Currently, Ganeti provides a number of options for networking a virtual machine, that are the bridged, routed, and openvswitch modes. MacVTap, is another virtual network interface in Linux, that is not supported by Ganeti and that could be added to the currently supported solutions. It is an interface that acts as a regular TUN/TAP device, and thus it is transparently supported by QEMU. Because of its design, it can greatly simplify Ganeti setups using bridged instances.

In brief, the MacVTap interface is based on the MacVLan Linux driver, which basically allows a single physical interface to be associated with multiple IPs and MAC addresses. It is meant to replace the combination of the TUN/TAP and bridge drivers with a more lightweight setup that doesn’t require any extra configuration on the host. MacVTap driver is supposed to be more efficient than using a regular bridge. Unlike bridges, it doesn’t need to do STP or to discover/learn MAC addresses of other connected devices on a given domain, as it it knows every MAC address it can receive. In fact, it introduces a bridge-like behavior for virtual machines but without the need to have a real bridge setup on the host. Instead, each virtual interface extends an existing network device by attaching directly to it, having its own MAC address, and providing a separate virtual interface to be used by the userspace processes. The MacVTap MAC address is used on the external network and the guest OS cannot spoof or change that address.

Background

This section provides some extra information for the MacVTap interface, that we took into account for the rest of this design document.
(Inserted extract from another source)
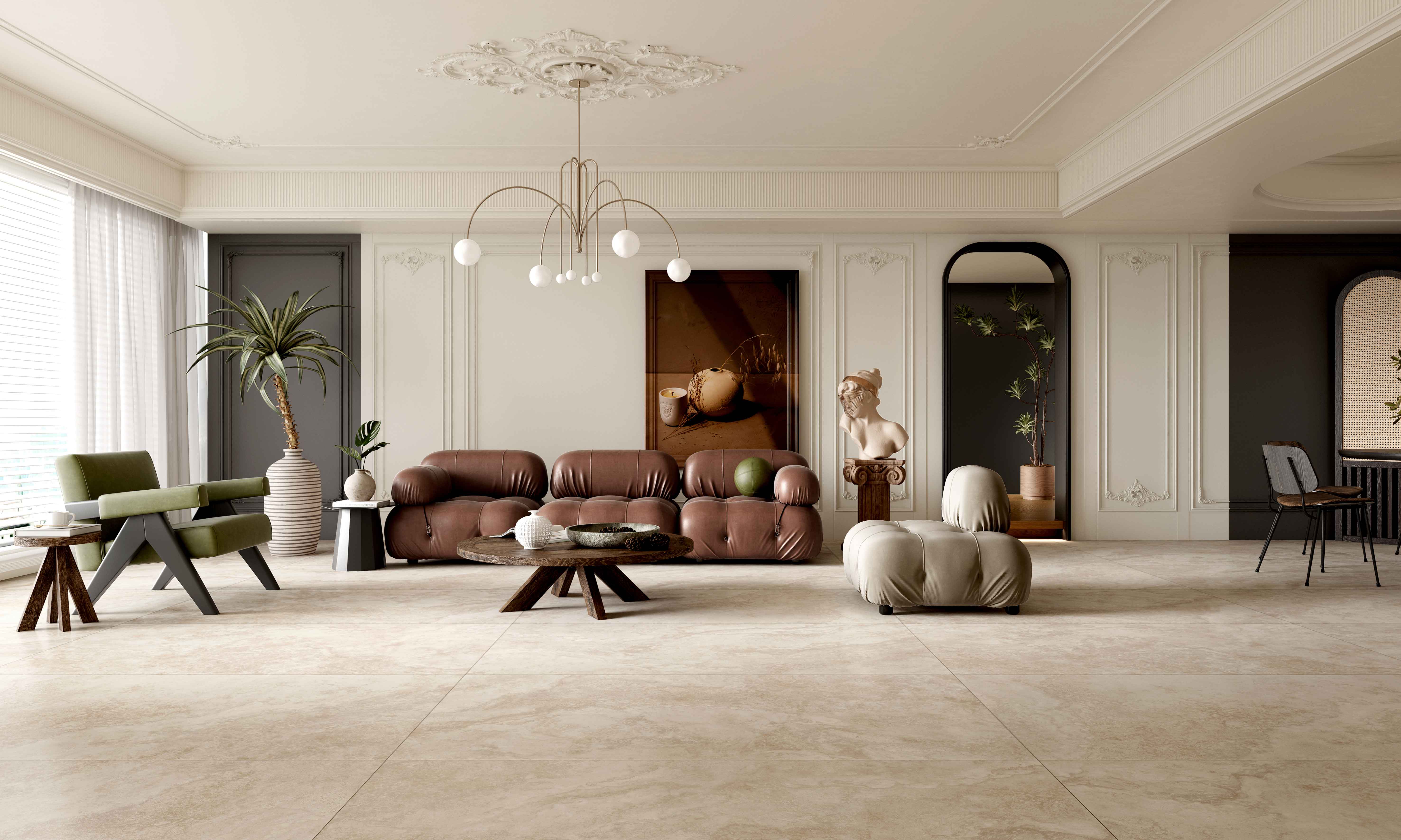 適用風格:該產品為子母配套磚,包含規(guī)格1200*1200mm/900*1800mm/750*1500mm;適用于現(xiàn)代簡約、奶油風、輕奢、新中式風格等

MacVTap modes of operation

A MacVTap device can operate in one of four modes, just like the MacVLan driver does. These modes determine how the tap endpoints communicate between each other providing various levels of isolation between them. Those modes are the following:

  • VEPA (Virtual Ethernet Port Aggregator) mode: The default mode that is compatible with virtualization-enabled switches. The communication between endpoints on the same lower device, happens through the external switch.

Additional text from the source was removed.